Гиллель был польщён мыслями Невера и окончательно перестал сожалеть, что его тайный дар стал известен им с Ригелем. Это, в принципе, не страшно. Он знал, что его не выдадут, а, кроме того, у него впервые появились собеседники, от которых не нужно было таиться и обдумывать в разговоре каждое слово. Но с Ригелем полная откровенность была немыслима, с Невером же скрывать себя и свою сущность нужды не было. Хамал потому и был столь словоохотлив сегодня. В кои-то веки можно было выговориться.
Кроме того, и он с благодарным чувством отметил это, ни у Невера, ни у Ригеля никогда даже в мыслях не мелькало ничего антисемитского. Сейчас, неожиданно осознав, что нравится Морису, Гиллель был смущён и растерян. Он не привык читать в мыслях собеседника хоть что-то лестное для себя.
Он улыбнулся и расслабился.
-- Однако вы не ответили давеча на мой вопрос. О l'Air Epais.
-- Ну, вы тоже не блеснули красноречием. Я о нём читал в нергаловой книге, а после мы с Ригелем случайно на него натолкнулись, -- Морис коротко рассказал об их ночном приключении. -- А вот вам-то откуда всё известно? Стояли внизу у гроба и подпевали? Я пытался разглядеть участников, но эти чёртовы маски и мантии...
Хамал насмешливо покачал головой.
-- Не трудитесь, Морис. Меня там не было. Я прочёл всё по мыслям Нергала и Мормо. Их мысли, особенно с перепоя после Чёрной мессы -- о, это Песнь Песней! Нет, дорогой Морис, -- покачал головой Хамал, -- сам я -- плохой адепт вашего христианского Бога, но это не основание для целования зада вашего же христианского дьявола. Азазеллу -- козлы. Не понимаю, почему я должен быть в их числе? Назовите это гордыней, но я не считаю себя глупцом. Иногда даже являю проблески подлинного интеллекта... -- Хамал, уже порядком пьяный, вдруг прервал себя. -- Кстати, вы заметили странность...

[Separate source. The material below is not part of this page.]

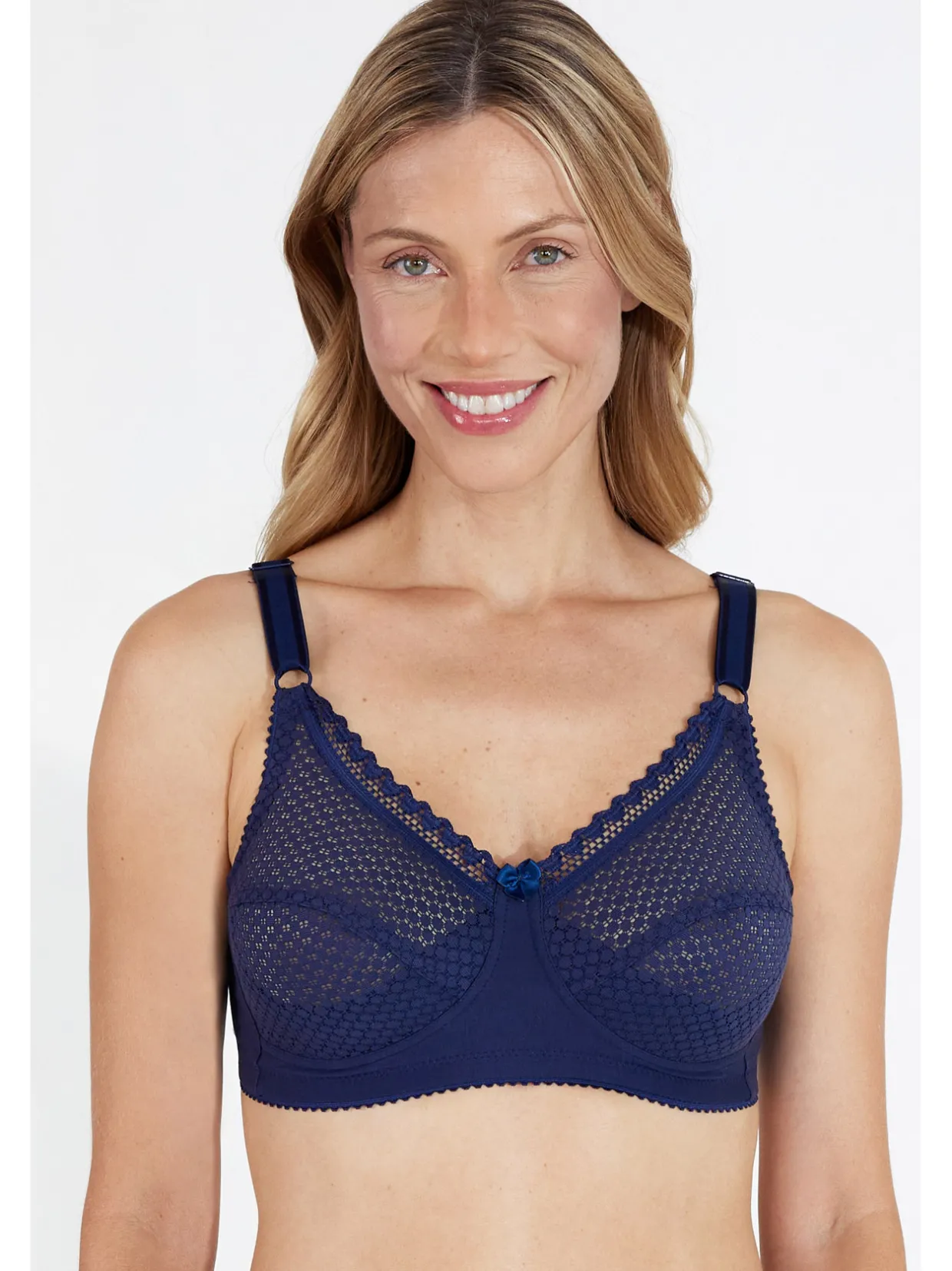 Bonnets dentelle en coton, renforcés dans le bas pour un bon soutien. Larges bretelles élastiques réglables devant. Dos en coton extensible. Double ou triple agrafage dos 3 positions selon les tailles.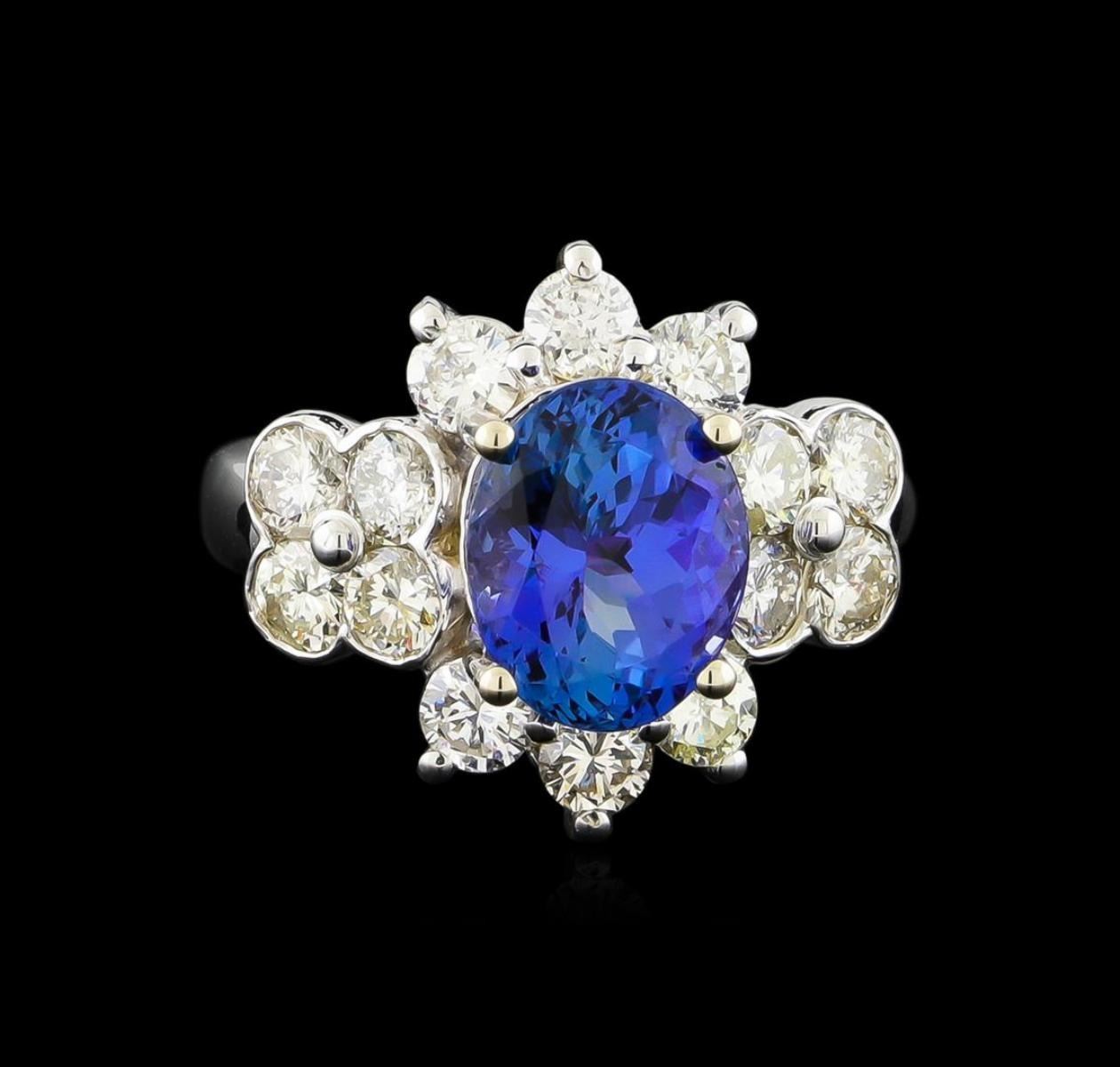 One electronically tested 14KT white gold ladies combination cast & assembled tanzanite and diamond ring with a flat shank with a bright polish finish. Identified with markings of "14K". Condition is new. Containing: One prong set oval modified brilliant cut natural tanzanite, measuring 10.35 x 8.45 x 7.00mm, approximate weight of 4.14ct., clarity is eye clean, type I, medium, very slightly grayish, violet color, (GIA V 5/3), cut is good. Fourteen prong set round brilliant cut diamonds, measuring 3.20 - 3.20 x 1.92mm (depth est.) approximate total weight of 14 Stones = 1.68ct. Clarity: SI-1 to I-1. Color: I - K, Cut is Good. Colored gemstones are presumed to have been subjected to commonly used enhancement processes. All diamonds and colored gemstones are graded in the mounting, unless otherwise stated. Total Weight of Colored Stones 4.14ct. Total Weight of Diamonds 1.68ct. Total Weight of Ring 7.20 grams. GGL Appraised.

-- Странность? -- подхватил Морис.
-- Да, назовём это так. На курсе вообще нет глупцов. Дьявольские духовные искажения -- есть и, боюсь, тут мы с вами -- не исключение, а вот глупцов нет. А жаль, кстати. Глупец не умеет скрывать свои пороки, умный же превратит их в основополагающие принципы, оправдывающие любую подлость. Вам будет трудно поверить мне, Морис, но покойник Виллигут был весьма умён, и если бы его ум не состоял на службе у его же содомских прихотей, он был бы даже опасен. К тому же... вы не знаете немецкий?
Морис отрицательно покачал головой.
-- Я-то сперва предположил, что его родовая фамилия переводится как "добряк Вилли", а оказывается, я сужу по экслибрису на его книгах, в веках она звучала как Willgott -- Бог воли.
-- Бог воли?
-- То есть -- дьявол. Так что для него l'Air Epais был, возможно, обретённой родиной духа.
Морис поморщился. Виллигут, живой или мёртвый, был ему омерзителен.
-- Чёрт меня подери, я признаться, думал, что после того, как Нергал ублажил-таки Генриха, я избавлюсь от его надоедливых приставаний. Что он хотел от меня? Неужто ему Фенрица мало было?
Гиллель неожиданно прыснул со смеху.
-- Тут уж я могу просветить вас в полной мере, мсье де Невер. Нергалу, в общем-то, всегда было абсолютно всё равно, куда ткнуться, но он не содомит и предпочитает женщин. Виллигут надоел ему, и Фенриц сыграл с ним третьего дня изуверскую шутку, велев приготовить на их "любовный" ужин салат с солёными огурцами, молочный коктейль и торт с масляным кремом. Не доверяя проверенным народным рецептам, он заказал в Шаду у аптекаря кварту слабительного, смешал коньяком -- и всем этим угостил Генриха. Цель его была проста -- он просто хотел несколько дней отдохнуть от его навязчивости. Три дня он и отдыхал...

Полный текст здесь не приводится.